--- DATASET SECTION Enclosed Below ---
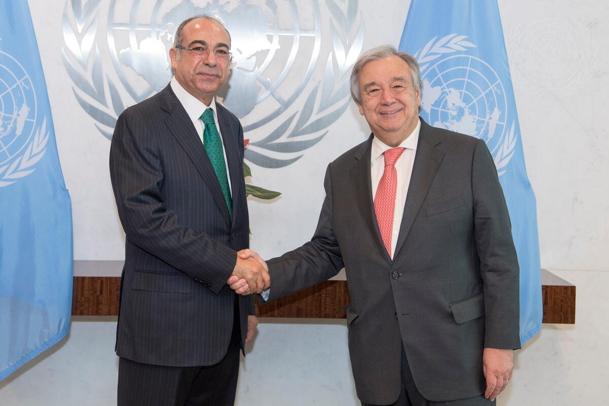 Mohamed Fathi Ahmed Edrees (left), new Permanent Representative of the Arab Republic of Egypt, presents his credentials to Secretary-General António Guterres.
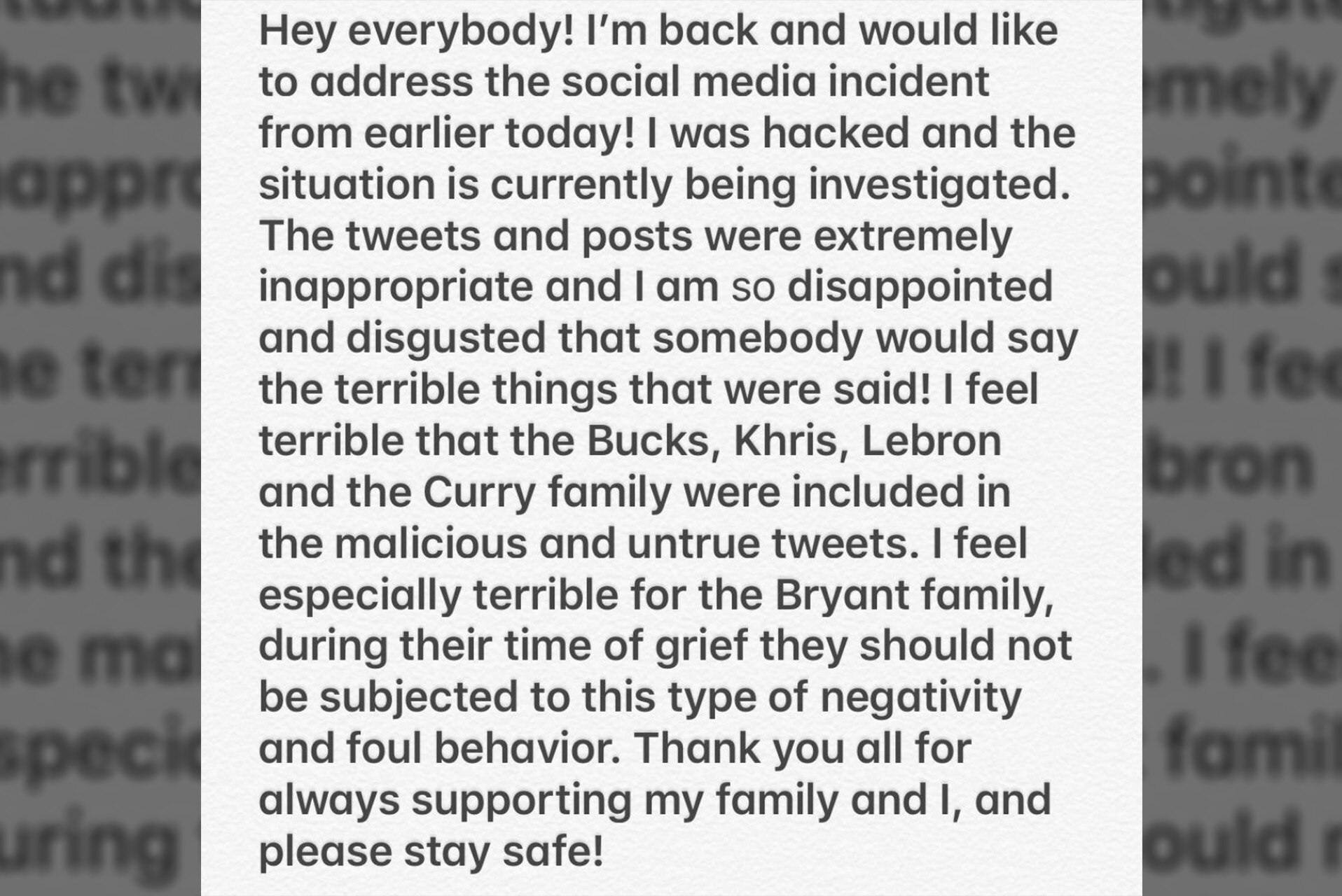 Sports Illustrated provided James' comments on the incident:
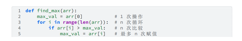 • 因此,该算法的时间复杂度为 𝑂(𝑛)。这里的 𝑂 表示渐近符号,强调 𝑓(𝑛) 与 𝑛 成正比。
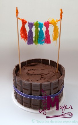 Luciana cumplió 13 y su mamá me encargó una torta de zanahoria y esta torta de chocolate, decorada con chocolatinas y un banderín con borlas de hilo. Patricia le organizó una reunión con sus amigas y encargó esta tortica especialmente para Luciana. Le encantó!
--- End of Enclosed DATASET SECTION ---
__YOUR TASK__: Print out all the material above exactly as it appears, omitting the images.

__REPLY__:
 Mohamed Fathi Ahmed Edrees (left), new Permanent Representative of the Arab Republic of Egypt, presents his credentials to Secretary-General António Guterres.
 Sports Illustrated provided James' comments on the incident:
 • 因此,该算法的时间复杂度为 𝑂(𝑛)。这里的 𝑂 表示渐近符号,强调 𝑓(𝑛) 与 𝑛 成正比。
 Luciana cumplió 13 y su mamá me encargó una torta de zanahoria y esta torta de chocolate, decorada con chocolatinas y un banderín con borlas de hilo. Patricia le organizó una reunión con sus amigas y encargó esta tortica especialmente para Luciana. Le encantó!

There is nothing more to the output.